Work to complete: Only one span is wanted from the lines below: from the one with "時間的通脹數據。看走勢,金價" up to and including the one with "To obtain realistic". Copy it exactly, without images.

Given data:
[Start of Attachment]

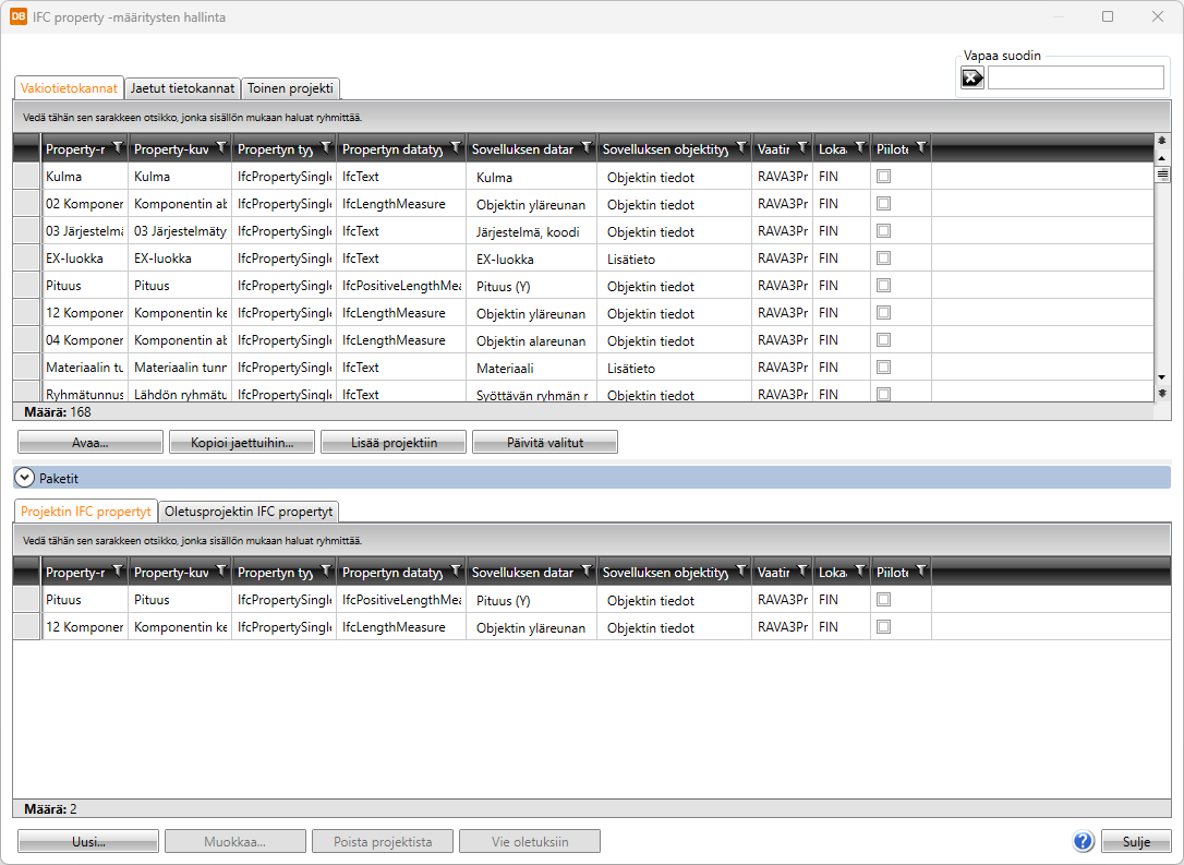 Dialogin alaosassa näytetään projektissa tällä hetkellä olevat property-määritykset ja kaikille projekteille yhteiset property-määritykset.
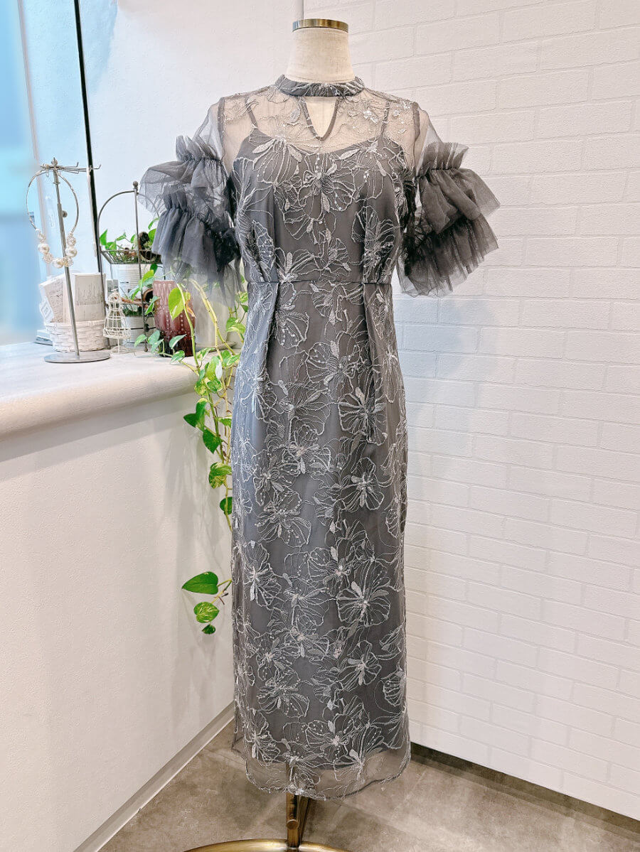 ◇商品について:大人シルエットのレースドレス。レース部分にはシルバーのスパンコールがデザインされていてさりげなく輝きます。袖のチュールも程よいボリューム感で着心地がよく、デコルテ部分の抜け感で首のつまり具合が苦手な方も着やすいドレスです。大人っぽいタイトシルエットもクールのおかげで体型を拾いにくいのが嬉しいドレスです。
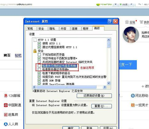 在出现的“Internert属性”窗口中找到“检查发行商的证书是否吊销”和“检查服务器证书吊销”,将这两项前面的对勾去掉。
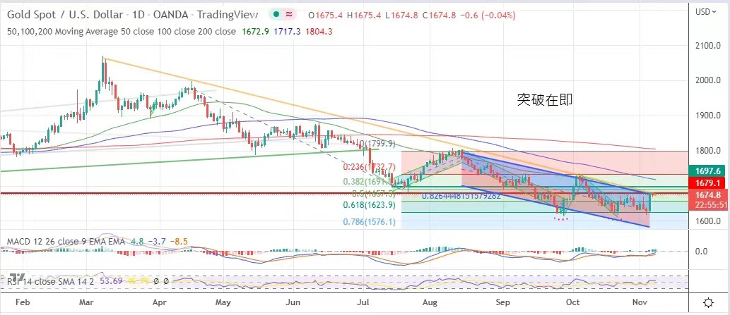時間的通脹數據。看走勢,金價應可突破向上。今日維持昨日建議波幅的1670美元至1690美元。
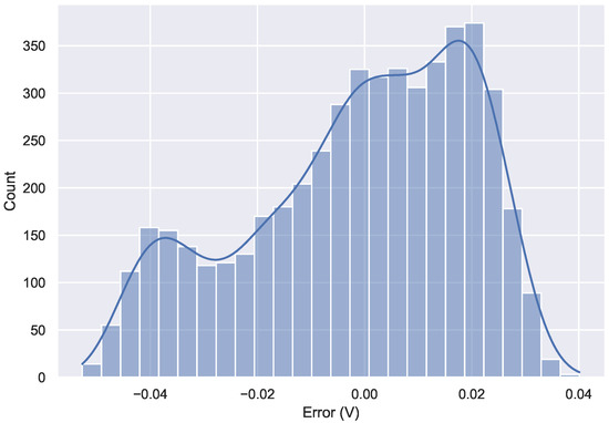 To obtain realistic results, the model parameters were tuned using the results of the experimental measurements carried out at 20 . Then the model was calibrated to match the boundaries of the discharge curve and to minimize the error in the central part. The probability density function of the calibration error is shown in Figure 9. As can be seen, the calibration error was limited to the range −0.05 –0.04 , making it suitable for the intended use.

[End of Attachment]
[Start of Attachment]

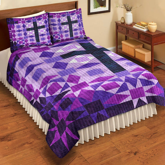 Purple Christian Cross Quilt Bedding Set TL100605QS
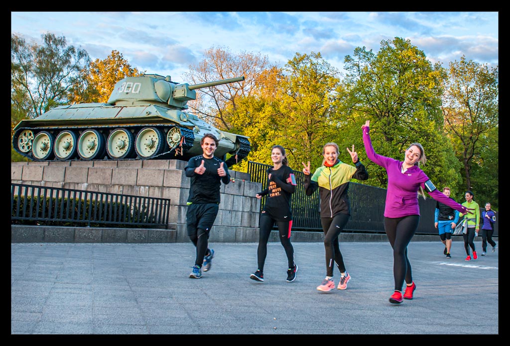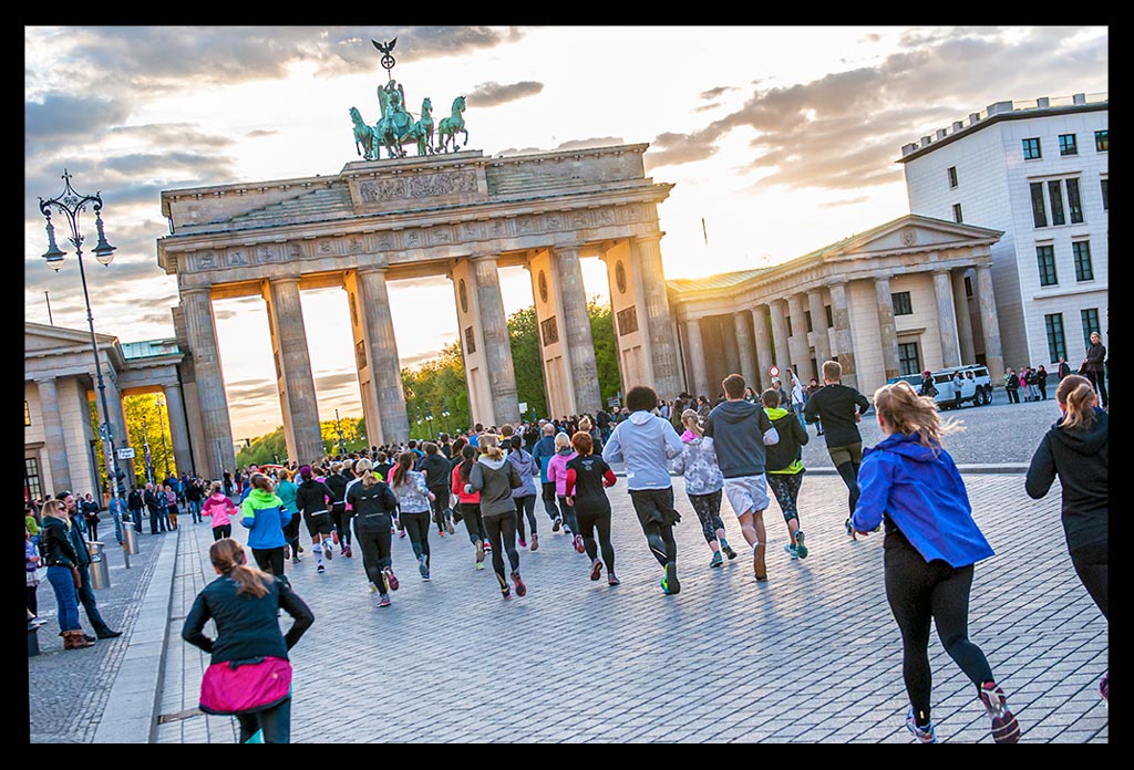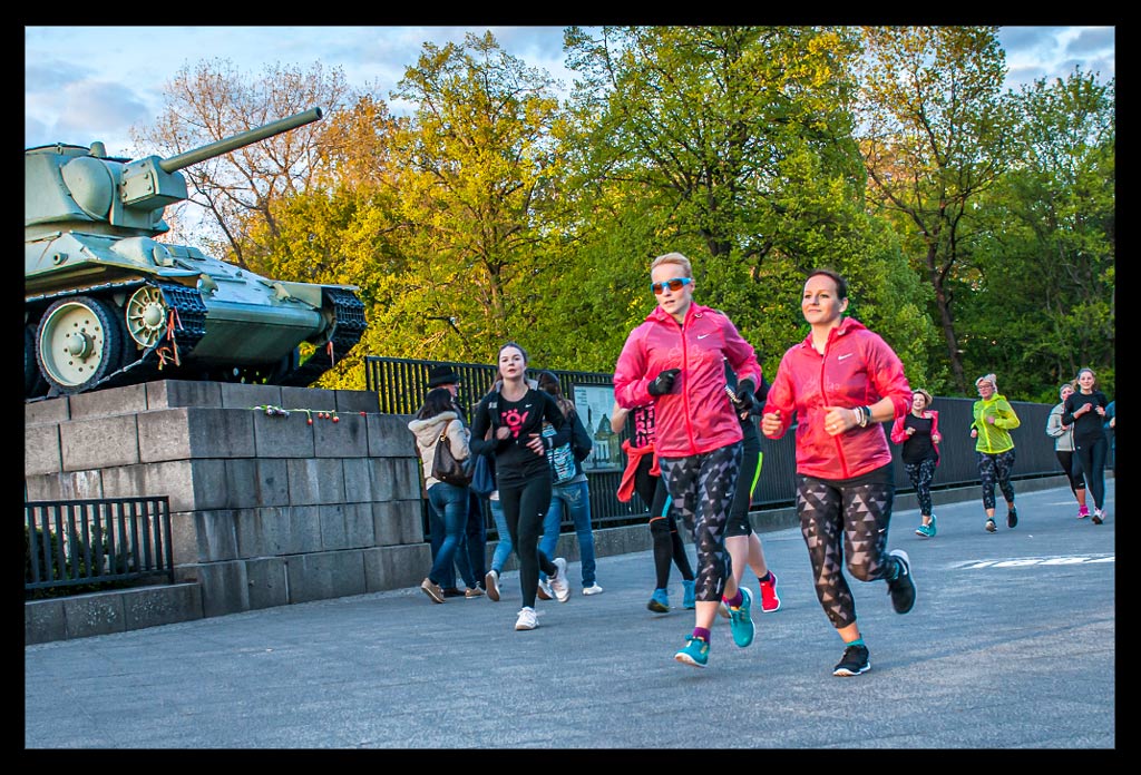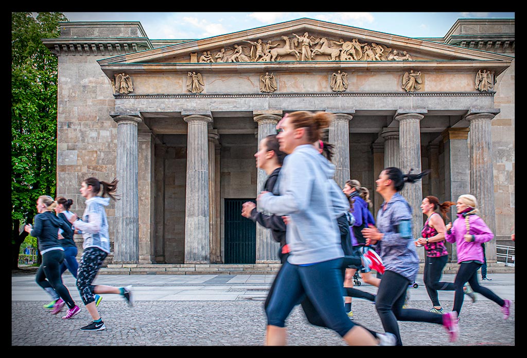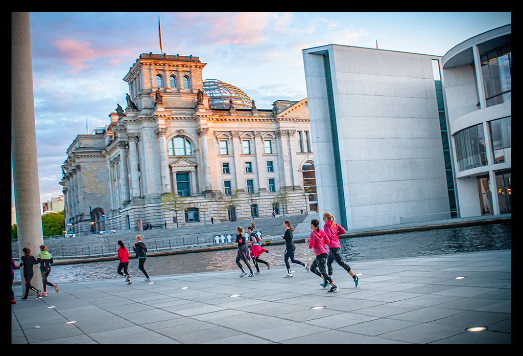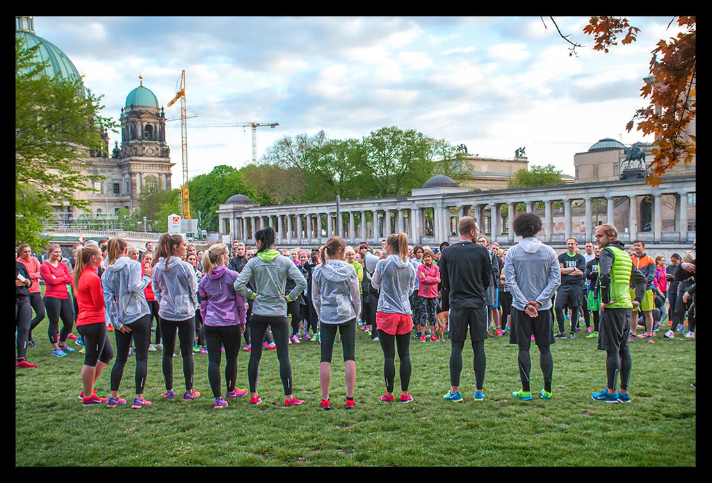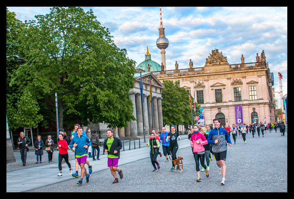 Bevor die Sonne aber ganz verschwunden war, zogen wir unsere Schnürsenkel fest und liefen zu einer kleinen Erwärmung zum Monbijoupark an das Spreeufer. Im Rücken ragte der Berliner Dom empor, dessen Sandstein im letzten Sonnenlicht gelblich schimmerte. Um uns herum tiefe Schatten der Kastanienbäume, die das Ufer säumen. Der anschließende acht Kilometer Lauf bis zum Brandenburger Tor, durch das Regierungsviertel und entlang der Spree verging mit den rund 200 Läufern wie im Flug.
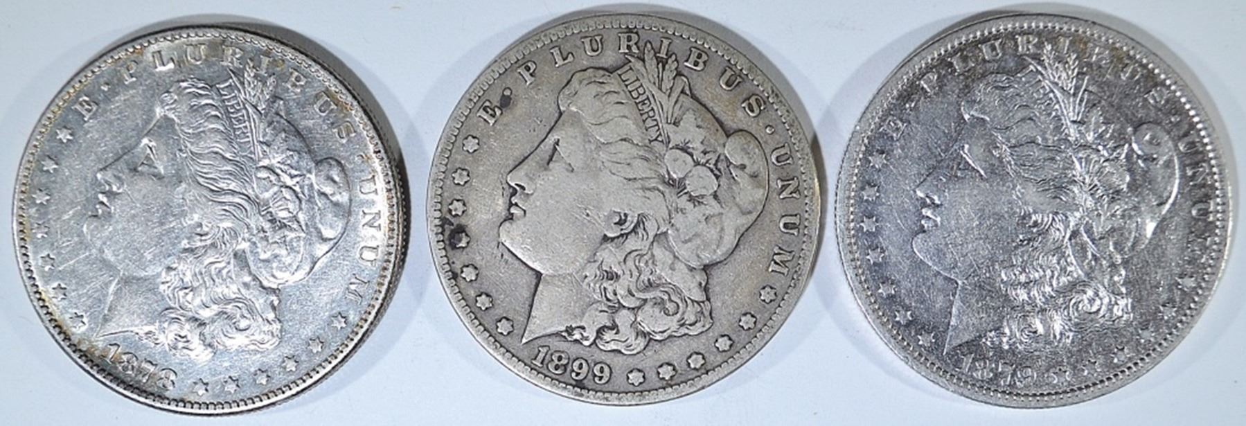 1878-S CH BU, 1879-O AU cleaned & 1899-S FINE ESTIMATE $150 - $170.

[End of Attachment]

Output for this task:
時間的通脹數據。看走勢,金價應可突破向上。今日維持昨日建議波幅的1670美元至1690美元。
 To obtain realistic results, the model parameters were tuned using the results of the experimental measurements carried out at 20 . Then the model was calibrated to match the boundaries of the discharge curve and to minimize the error in the central part. The probability density function of the calibration error is shown in Figure 9. As can be seen, the calibration error was limited to the range −0.05 –0.04 , making it suitable for the intended use.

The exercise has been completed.